Most medical students learn about anatomy using traditional textbooks. Autopsy is a special teaching method that has many advantages but also limitations [58]. Therefore, if 3D technology is widely used in this subject, it can improve students’ understanding of three-dimensional graphics [59]. In addition, 3D technology has potential practicability not only in education/training but also in operation planning and intraoperative guidance [60].From a learning perspective, 3D visualization technology can stimulate students to explore their own understanding [61]. This is beneficial to their clinical diagnosis and treatment after study. However, whether 3D technology can improve participants’ test scores varies depending on the research findings. There are many conclusions from previous meta-analyses. Some have shown that 3D visualization technology can improve learner performance [57], while others have shown that 3D visualization is a more effective method for acquiring anatomical knowledge than traditional methods [62].Others also show that 3D visualization as a learning tool has potential beneficial effects on learning [63].However, we disagree with this viewpoint. Thus, we included a greater number of studies in our research compared to them. Similarly, a literature summary including all regions found that the 3D group performed better in the test than the control group. However, after excluding studies from China, the results changed. They may have a regional bias, with higher positivity rates in the study from China, and we cannot rule out the possibility that the authors might have had a preference for positive results to publish the study. Therefore, whether 3D visualization can improve test scores is a question that carries substantial weight, and we are more inclined not to answer it. Excitingly, regarding the cost of answering questions, satisfaction, enjoyment, excluding and not excluding literature from China, after merging the data, we found that the results were stable. Therefore, the credibility of our findings is high.
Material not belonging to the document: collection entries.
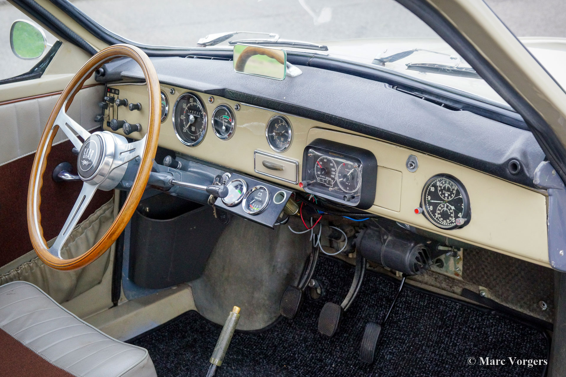 Saab 96 „Zweitakt“, Jahr 1965. Farbe Beige kombiniert mit einem zweifarbigen braun/grauen Stoff mit Vinyl-Innenausstattung. Dieser wunderschöne Saab 96 „Long Nose“ ist in einem sehr guten bis hervorragenden restaurierten Zustand und das Auto zeigt alle originalen Details. Ein Fotobericht der Restaurierung und der Überholung ist vorhanden. Die Zweitakt-Saab-Modelle sind ein Genuss zu fahren, und der Auspuffsound ist einfach fantastisch! Der Saab 96 zeigt die wunderbaren aerodynamischen Linien, für die Saab bekannt sind. Das Armaturenbrett ist gut gefüllt mit schönen Instrumenten und Messgeräten, sogar ein Halda Speedpilot ist vorhanden, ebenso wie eine Flugzeuguhr. Mit dem Halda Speedpilot und den zusätzlichen Hella Spot-Leuchten an der Front präsentiert sich dieser Saab 96 sportlich. Das Auto ist auch mit einem schönen Saab-Lenkrad mit einem Holzkranz ausgestattet, der an die „Monte Carlo“-Version dieses Modells erinnert. Der 3-Zylinder-Zweitaktmotor läuft wunderbar und das 4-Gang-Schaltgetriebe mit Lenkrad-Säulenschaltung funktioniert perfekt. Das elektrische System wurde mit einem Wechselstromdynamo aufgewertet. Dies ist ein begehrtes Saab 96 „Zweitakt“-Modell in einem hervorragenden Zustand!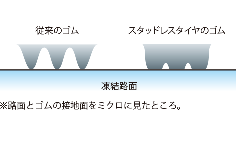 低温でも“しなやかさ”を失わない特殊配合ゴムを使用し、タイヤの溝の形状等新たな工夫を加え、凍結路における走行性能をできるだけ高めています。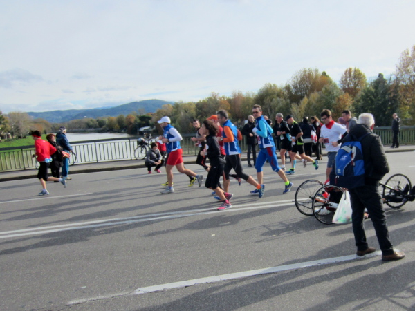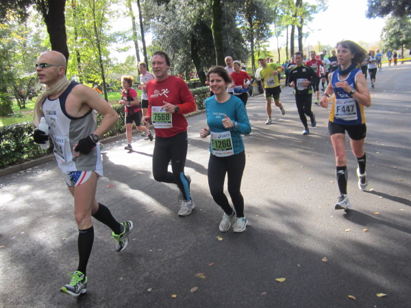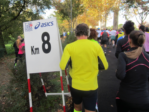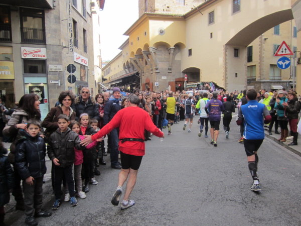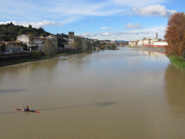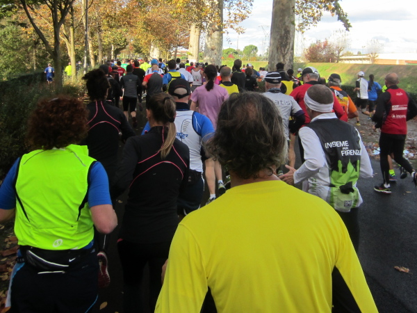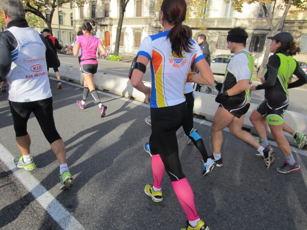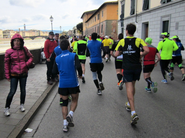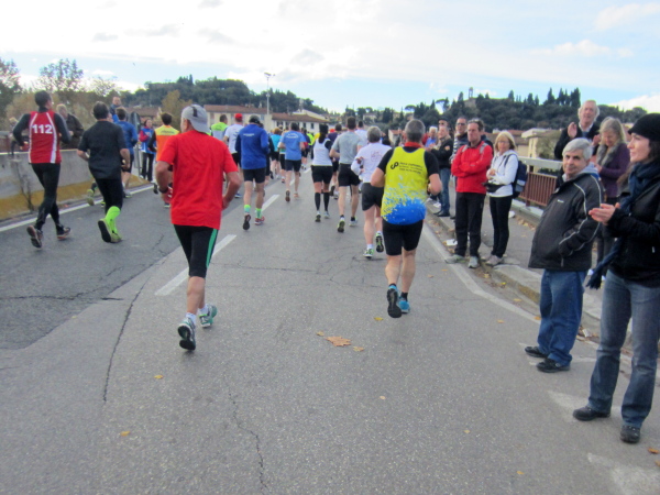 Bald darauf geht es bei der Piazza Vittorio Veneto auf den Ponte della Vitoria, der über den Arno führt. Die Strecke am Fluss, dessen Bett 15 bis 20 Meter tiefer liegt, entlang des Lungarno delle Rose und L. Doderini bietet viele Panoramafotos mit Blickrichtung Stadtzentrum bzw. zum Ponte Vecchio. Immer wieder kommt es zu kleinen Duellen, der eine will den anderen überholen, doch der andere gibt nicht nach. Auch ich habe eine Verfolgerin dicht hinter mir – eine Frau Mitte Fünfzig mit der französischen Fahne als Wangenbemalung. Sie kämpft tapfer, erst als ich kurz stehenbleibe, um zu knipsen, liegt sie vor mir. Mir tun die 15 Sekunden-Pause gut. Wer weiß, ob ich Madame auf den noch offenen 24 km nicht noch antreffen werde.

The advantage of this research lies mainly in the retrieval and extraction of the literature, and we developed our own literature screening process. Compared with most document screening processes, our two-step document screening method is more accurate and comprehensive; this significantly improves the efficiency of document screening. In addition, compared with most related studies, we included more documents. Although these technologies provide interesting, new pedagogical possibilities, they have some limitations [9], including restrictions on the conditions of use, such as the high cost of 3D visualization technology, which makes it difficult to popularize.Undeniably, the limitations of our meta-analysis also include that some related papers may be omitted. Furthermore, learners’ different understandings of space affected the experimental results. However, it takes considerable skill and practice to develop the ability to visualize in three dimensions and insufficient ability to visualize frequently expressed by the students [64]. Due to the small number of participants in some studies, the experimental data may have subjective influence.

Conclusion

Medical students and residents who use 3D visualization technology to learn about human anatomy do not improve their test scores. Regional factors (the countries to which the 39 included studies belong) have a significant impact on the test results; the literature from China is more likely to have positive results, whereas other factors, such as learners, courses, and time, have no significant impact. 3D technology cannot shorten the time required for participants to answer questions; however, it can improve the participants’ satisfaction and enjoyment. Overall, 3D visualization technology is a promising teaching-aid technology.